8. The unified scheduling method for an enterprise-level multi-agent platform according to claim 7, characterized in that, The step of performing dynamic data adaptation processing on the upstream subtask and the downstream subtask includes: Call the preset code generation model, input the difference features between the expected output data pattern and the required input data pattern into the code generation model, and obtain the data conversion code; Configure the data conversion runtime environment, load the data conversion code based on the data conversion runtime environment, and encapsulate the data conversion code as an intermediate processing node; The intermediate processing node is inserted serially between the upstream subtask and the downstream subtask to complete the dynamic data adaptation process.

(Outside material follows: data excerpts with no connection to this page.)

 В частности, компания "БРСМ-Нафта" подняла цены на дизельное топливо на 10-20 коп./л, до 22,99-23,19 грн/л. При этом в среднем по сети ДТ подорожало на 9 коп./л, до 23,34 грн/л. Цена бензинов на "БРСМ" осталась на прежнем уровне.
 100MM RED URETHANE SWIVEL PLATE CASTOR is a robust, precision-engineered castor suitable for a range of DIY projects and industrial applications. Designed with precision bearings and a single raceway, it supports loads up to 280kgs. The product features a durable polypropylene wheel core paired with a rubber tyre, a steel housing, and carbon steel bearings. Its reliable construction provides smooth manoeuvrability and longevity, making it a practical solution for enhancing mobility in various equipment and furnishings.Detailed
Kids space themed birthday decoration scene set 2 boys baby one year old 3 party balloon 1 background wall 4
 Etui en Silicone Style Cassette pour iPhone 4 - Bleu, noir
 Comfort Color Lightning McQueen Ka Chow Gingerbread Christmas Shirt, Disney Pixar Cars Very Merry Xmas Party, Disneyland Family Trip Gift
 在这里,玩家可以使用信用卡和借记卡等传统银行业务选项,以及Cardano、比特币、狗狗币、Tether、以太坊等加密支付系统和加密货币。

9. The unified scheduling method for an enterprise-level multi-agent platform according to claim 8, characterized in that, It also includes optimizing the execution process of the task request and the multi-objective optimization model, specifically: A task instruction message queue is established based on the unified scheduling center, and scheduling instructions are distributed to the heterogeneous intelligent agents according to the capability knowledge graph and the task instruction message queue. When multiple heterogeneous intelligent agents are detected to be contending for the same resource, the conflict is resolved according to the execution priority in the capability constraint label. When an abnormality is detected in the execution of a certain heterogeneous intelligent agent, a candidate heterogeneous intelligent agent with the capability matching the subtask is retrieved based on the capability constraint tag, and the execution instructions of the subtask are rescheduled to the candidate heterogeneous intelligent agent. The unified scheduling center records the entire process execution log and uses the entire process execution log and the result of the task request as feedback data to update and iterate the multi-objective optimization model.
10. A unified scheduling system for an enterprise-level multi-agent platform, characterized in that, The system is used to execute the unified scheduling method for an enterprise-level multi-agent platform as described in any one of claims 1 to 8; including: The central construction module builds a unified scheduling center. The unified scheduling center's communication connections include all heterogeneous intelligent agents and the capability description data corresponding to each heterogeneous intelligent agent. The graph construction module performs semantic normalization on the capability description data of each heterogeneous intelligent agent and constructs a capability knowledge graph. The task decomposition module, based on the received task request, decomposes the task request according to the capability knowledge graph to obtain an atomic task sequence, wherein the atomic task sequence contains capability constraint tags for each subtask. The task allocation module collects the real-time running status of each heterogeneous intelligent agent, and adaptively matches the sub-tasks based on the real-time running status and the capability constraint labels to obtain a global task allocation scheme. The collaborative execution module, based on the global task allocation scheme, drives the heterogeneous intelligent agents to collaboratively execute the task request.